Advice for purchasing out of town

Hello Carolinagirl,
Is this a new unit?  If so, remember it may have been on the lot since late 99.  A lot of people have probably walked through opening drawers, doors, windows, ck all drawer slides, hinghes and such.  How is the carpet and uphoilsery, man I need spell ck, does it show wear? I know they have signs "please do not sit" but, I sure am going to sit and try it out if I am looking to buy. None of this would bother me except, I would expect a pretty good deal.  They should be wanting to move the unit.  20 t0 25% off list at least. If it is a used unit, just do the normal tire kicking and look for any water damage, hook up to power and wait long enough to see if all appliances work.  Don,t forget h/water heater and see if they will give the previous owners name and find out why they traded.  Good luck

Chelse L. Nash
fulltimer03@yahoo.com


----------



## Carolinagirl (Feb 22, 2002)

Advice for purchasing out of town

Hi CNash,
Well we went to look at the bobcat.  Fortunately it already had a down payment on it, I say this cause the layout left some to be desired.  The only spot for the TV was on a fold out stand off the back of the dinnette to the left when you walk in the door.  The kitchen was immediately infront of you when you walk in but that TV would be in your way walking in the door.  With 2 kids and nintendo and playstation gadgets, your talking a disaster.  Anyway we saw a unit we really liked.  It is Wildwood by forest river.  This unit is a new leftover 2001 unit.  It looks great, priced great, we can't find anything wrong and may make a deal.  Any info about Forest river?  We tried some research and it seems mixed reviews, depends on the brands.  Any comments from anyone on Forest river would be appreciated, even more for Wildwood by Forest river.  Thanks!

Carolinagirl
2000 Coleman Fairview
1995 Chevy Suburban
1995 Chevy Silverado 4x4


----------



## Cliff (Feb 22, 2002)

Advice for purchasing out of town

Carloinagirl...

The Forest River is not a high dollar piece, but make good starter units. I suspect they are very similar in quality as their pop-up units are, which you may be more familiar with from postings on the PUT board concerning the Rockwood and Flagstaff Pop-up's.

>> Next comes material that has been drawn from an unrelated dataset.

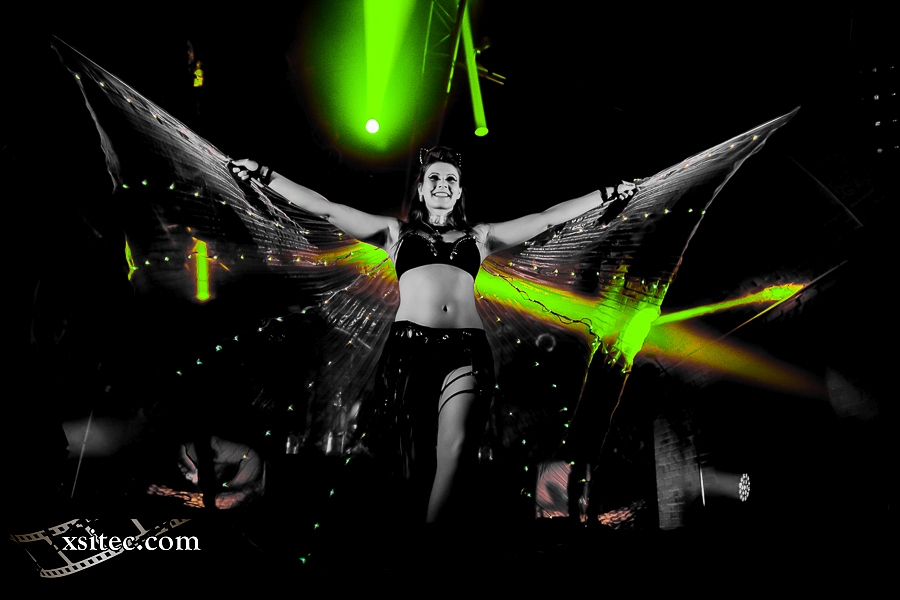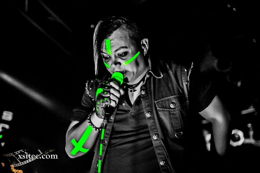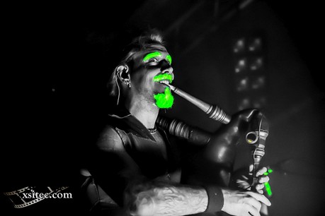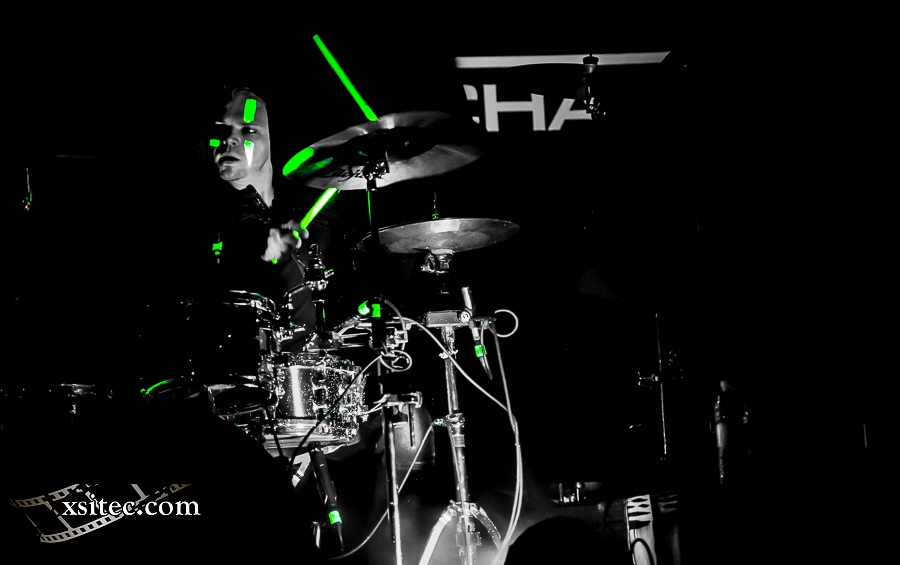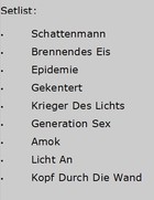 Als Support konnten die Senkrechtstarter von SCHATTENMANN gewonnen werden, die ich schon knapp zwei Monate zuvor in Oberhausen sehen konnte. Obwohl die landauf, landab grassierende Grippewelle auch vor Frontmann FRANK HERZIG nicht haltmachte, wird gekonnt aus allen UV-Kanonen gefeuert und die Szenerie des Öfteren in ein strahlendes Grün und Blau versetzt. Die Tracks des Debütalbums werden dabei mit starken, neuen Titeln gemischt, die schon einmal gehörig Lust auf den zweiten Longplayer der Schattenmänner machen, der nach Aussage Frank Herzigs bereits in Arbeit ist.

I looked long and hard at a Forest River 5th wheel, it's amenities and layout were near identical to the Alpenlite, but cost was around $30,000 less. It was obvious the quality wasn't near as good, but it seemed like a decent trade off considering the price difference. I'll need to hit the lottery before I can buy a $56k Alpenlite!!!

*C*

*Chaos reigns within. Reflect, repent, and reboot.
                                 Order shall return.*

www.gonecamping.net


----------



## drummerman (Feb 22, 2002)

Advice for purchasing out of town

Hey Carolinagirl.

I just purchased a Wildcat 5th wheel by Forest River. Its a 28BH
My wife and I did a lot looking, (2 years worth) and for the price, features and extras, we when with the Wildcat.
Everyone I have talked to about Forest River products seem to like them.  No major problems I know of.  Keystone's Larado 29BH's floorplan was pretty much the same, but the Wildcat had more features standard than Keystone Larado 29BH.

I get it in about 5 weeks,

Here is a link to Forest River's website.

http://www.forestriverinc.com/default.asp?page=wildfp&menu=wildfc


drummerman


----------



## brooksrimes (Feb 23, 2002)

Advice for purchasing out of town

Forest River may be a good company, but I think they have a lot of nerve requiring that you register on their website just to find out who their nearest dealer is.


----------